Most of the cash in advanced economies is floating around in the ‘world underground economy’ or ‘underworld economy’. In fact, cash facilitates drug trafficking, human trafficking, extortion, money laundering, illegal immigration and many more. On the contrary, cash is empowering millions of unbanked families. It is an intuitive method of exchange and acts as a store of value. In a cashless society, people would be forced to remove savings from under their mattresses and keep them in the bank. No cash means safety from burglars. More electronic transactions would be good for hygiene as banknotes carry an assortment of germs!!!
The finance ministry has set up a panel, led by former finance secretary Ratan Watal to suggest steps to reduce cash transactions and to promote card payments through incentives such as tax rebates and cash back schemes. Panel has been tasked with reviewing the payment system in the country and suggest measures for encouraging digital payments. It aims at better targeting of subsidies through the direct benefit payments model, improving economic efficiency by lowering transaction costs, and moving toward a cashless economy. With banks in India having embraced technological change, the onus is on them to integrate inter-generational legacy systems across branches, ATMs and online banking networks into one seamless and secure whole.
Growing popularity of e-payments and mobile wallets among the youth in the country has acted a morale booster for Modi to move forward with his plans. But, electronic transactions come with a fee while cash transactions don’t. Recently, government cleared the implementation of a few measures to promote digital and card-based payments to curb cash use in the system which includes withdrawal of surcharge, service charge or convenience fee on card and other digital transactions. This makes RBI’s work easy to bring in accountability and transparency in each and every financial transaction. Increasing smart phone penetration and progressive regulatory policy structures have been cited as major driving force towards a cashless economy. India is expected to have 52 crore smart phone users by 2020. Next-gen technologies like voice-based payments, biometrics and iris authentication through mobiles, QR codes are expected to play a part in extending coverage.

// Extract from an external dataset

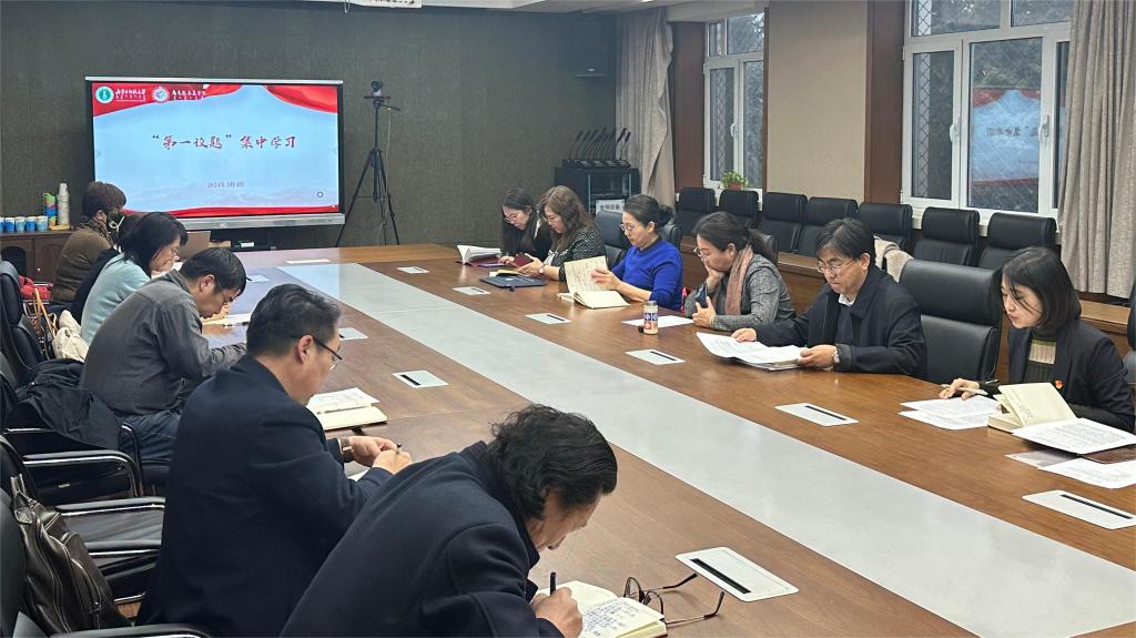 会议首先进行“第一议题”集中学习。高慧媛简要介绍了“第一议题”制度及怎样落实“第一议题”制度,组织学习了《中共中央办公厅关于巩固拓展学习贯彻习近平新时代中国特色社会主义思想主题教育成果的意见》、《求是》杂志第3期发表的习近平总书记重要文章《铸牢中华民族共同体意识 推进新时代党的民族工作高质量发展》。组织委员刘帅领学了近日中共中央发布的《党史学习教育工作条例》。
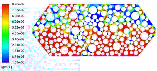 After testing different laminar and turbulence models, the k-omega SST model was selected for the simulation, as it gave the best convergence of residuals when compared to the laminar and standard k-epsilon models. Residuals give the magnitude of error for the governing equations as the iterations progress. The residuals for velocity, k, and omega were <1 × 10−4, while those of continuity were <1 × 10−3, which were within an acceptable range. This model was previously used for porous models with some success [].

Unified Payments Interface, launched recently, is an improved version of IMPS tends to gain popularity as its only requirements being a bank account and a smart phone. This is a significant step towards moving into a cashless economy. Once a person registers for UPI with his bank, a unique ‘virtual address’ in the model of an email address will be created. It is mapped with his mobile number registered with the bank. To initiate the payment, UPI invokes this virtual identity of the beneficiary and transfers money in real-time. UPI allows a customer to have multiple virtual addresses for multiple accounts in various banks. In order to ensure privacy of customer’s data, there is no account number mapper anywhere other than the customer’s own bank. UPI can potentially eliminate the need for maintaining a mobile wallet, as this ‘virtual address’ is not limited only to individuals.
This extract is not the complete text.